Though for awhile in the 50’s she was very much in North Beach and friendly with many of the Beats, Allen Ginsberg et al, she refused to be branded as a Beat. Donald Allen requested her poems for the seminal New American Poets Anthology, but she and Jack Gilbert left SF the day after for the Northwest - I think to take a workshop with Theodore Roethke (of this I am not positive) - and she never responded. (She told me this a year ago). In the late sixties and early seventies, she owned and managed the I & Thou coffee shop on Haight Street which hosted several series of poetry readings. By the mid-seventies, probably burnt out by the intensity of local street life - which had little or nothing to with making or hearing poetry - Laura moved to Locke, west of the City on the Sacramento River. She continued to write but published little, and, after working in a tomato cannery for some years, she went to work for Child Protection Services in the Social Welfare Department for the county County. Most recently she managed a gallery in Locke.

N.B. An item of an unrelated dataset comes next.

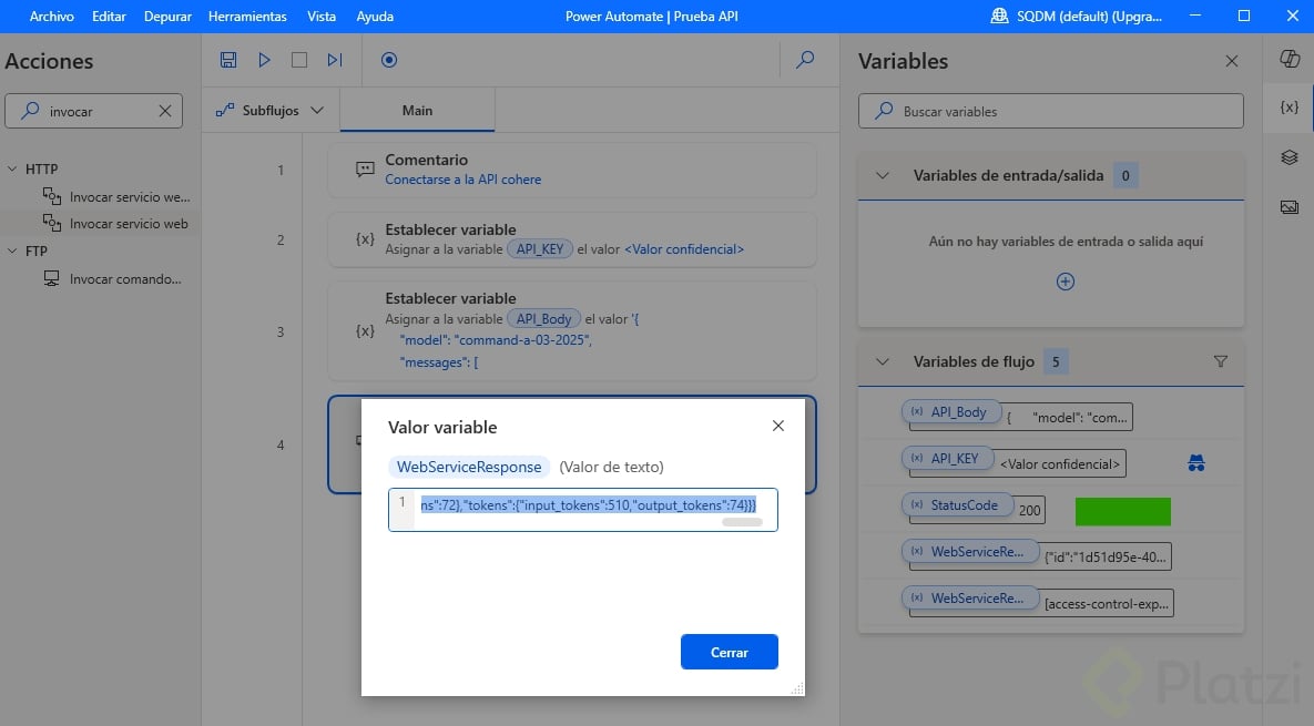 Por ejemplo, si quisiéramos extraer solo el texto de la respuesta, podríamos utilizar expresiones para navegar por el JSON y obtener el contenido específico que necesitamos.

Here is something I wrote about her work on the Buffalo Poetry listserv a few years back, including one of her poems from The Inheritance :
In the late fifties through the early seventies, Laura Ulewicz - a
Polish-American woman from Detroit - was very present in both North Beach
and the Haight-Ashbury. (In the late sixties she owned the I & Thou Coffee Shop on Haight Street, a singular venue for poetry readings during a time in which the interest in poetry had been replaced by the music, drugs, etc.) I am not sure Laura would have ever fit - or even wanted to fit - the aesthetic dimensions of the Allen anthology. There were people at the time such as both Laura and Jack Gilbert (a member of Spicer’s workshop) who were
definitely involved, friendly, aware, influenced, and combative within the
local scene, but by temperament they sustained a fierce independence from
the Duncan, Spicer or other group umbrellas that fed into the construction of the
Pacific portion of the Allen anthology. If any mentor, she had an affection for Kenneth Rexroth’s person and work. But, without going further down that
track of associations, I would say that Laura wrote some very significant
poems, indeed quite fierce, probing and smart - drawing from her Polish
American roots, her wanderings back and forth across the country, and her
encounters in California. Romantic in its sense of quest, but definitely
very smart and counter-romantic in terms of its continental yield.
Ironically her only literary success was in 1964 when she won the Guinness
Poetry Prize at the Cheltenham Festival of Literature which led to a small
publication, The Inheritance, by Turret books in 1967. She received an NEA Grant for her poetry in 1968.
To get a limited sense of the work, here’s a section of a two part series, Within OneTemperate Zone (2)
It wasn’t on the map. heat stalled the car
At the valley or base of the 10th hill. Lost.
A post office side the town of San Sinduda. Not
On the map. I asked Carl, “Who do you suppose
has ever climbed that hill?” In a thousand
Years maybe one Indian. A ranch-hand
After cattle. A bull after a cow.
Two boys in black jeans leaned against a log fence
Playing a pocket radio and cursing
Loud to beat the vastness down. A matter
Of will and hot jazz. I said, “It’s pretty
Tame here” - being, of course, wrong. I might
Have meant “too wild with people”. And so
we climbed,
Until the car should cool, more to escape
Noise than to discover. That seconded
The wrong. Yet, pausing for breath on the ascent,
Carl told me how on his
mother’s grave in Concord,
While drunk, he first made love to another man.
In Concord - where the hills are monumented
With Hawthorne, Melville, Walden Pond, and our first
Revolution for severance - the fought one.
Now we looked eastward across a namelessness
Of hills. For beyond this one was another equal
In size, and beyond it another, until
Our minds, wanting to fix, were trapped in freedom.
Often I dream I open a hundred doors
And behind each door there is only another door.
It is with sadness and fondness for Laura that I give this news. The idea of ever wishing her to ‘rest in peace’ would be contrary to her fierce, questioning character, and love of a good fight! Wherever and however, I wish her well; her friendship was important to me, here in this not always friendly City , when I started to make my way as a writer and poet.